The Wildlife Trusts have been working closely with farmers and we are also one of the UK’s biggest land managers, with around 100,000 hectares of land in our stewardship. We manage more than 20 farms and work with thousands of farmers every year, giving advice on managing land for wildlife. Like others who care about the natural world, we want to grasp this opportunity to give our wildlife the step up it so badly needs in the farmed environment.

I want to pull out three questions that are critical to our proposals for a future land management policy. I then look at the River Aire Catchment and how a new policy approach could be applied.

1. Why should farmers get paid anything?

Farmers can sell the food they grow through the market. But they can’t sell a whole range of benefits or services that society needs.

We propose eight benefits that land managers should be paid to provide us with:

1. More, bigger and better natural habitats
2. Thriving wildlife everywhere
3. Abundant pollinators
4. Healthy soils
5. Clean water
6. Clean air and climate change mitigation
7. Flood risk management
8. Healthy people

2. How much is all this going to cost?

Less than you’d think! At the very least the current UK CAP budget of £3.1bn should be retained and divided between the four countries according to environmental need. Part of this should be invested in a new land asset management policy in England to pay for the benefits that farmers and land managers provide. This represents less than 0.5% of total UK public expenditure and compares to government budgets of £144bn for health, £87bn for education and £37bn for defence.

3. How will you know where to put the money?

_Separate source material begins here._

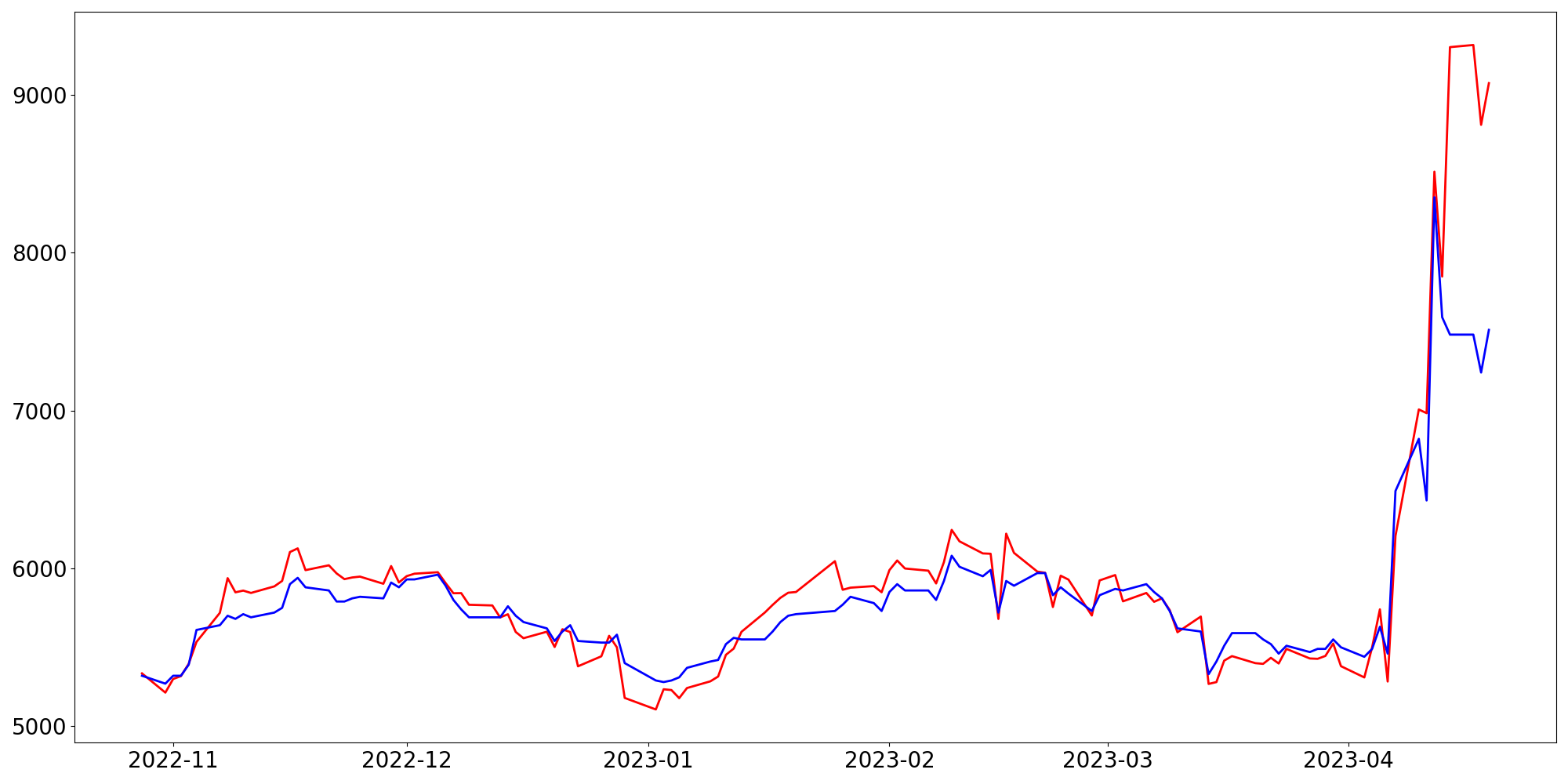 [ - : 실제값(종가) / - : 예측값(종가) ]

Our idea is to restore habitats and join them up, often by linking together farmers and targeting investment to where there is most need. We propose three public asset funds for land management, based on delivering the eight benefits. We propose a landscape-scale approach to land management beacuse wildlife and wild places do not recognise boundaries and we need more space for wildlife by growing and joining habitats. These funds should be allocated through local environment plans that target action and investment to achieve nature’s recovery. This approach is based on ecological mapping – a spatial approach to identifying environmental needs through using local data and consultation with local people.

Case Study: Applying the new approach in the River Aire Catchment

Yorkshire Wildlife Trust have taken these policy proposals and applied them to the Aire Catchment. This gives us a case-study to see how changing policy in this way and directly contracting farmers could deliver public benefits and services. It concludes that a move away from subsidy to direct public contracts for identified public goods, if managed well, would be transformational and dramatically secure environmental, quality of life and economic benefit for all (not least the UK’s farming industry).

A new contract – between land managers, the Government, taxpayers and consumers – could secure the future of not just wildlife but farming communities, a thriving and diverse economy, and a living landscape delivering the ecosystem services we rely on.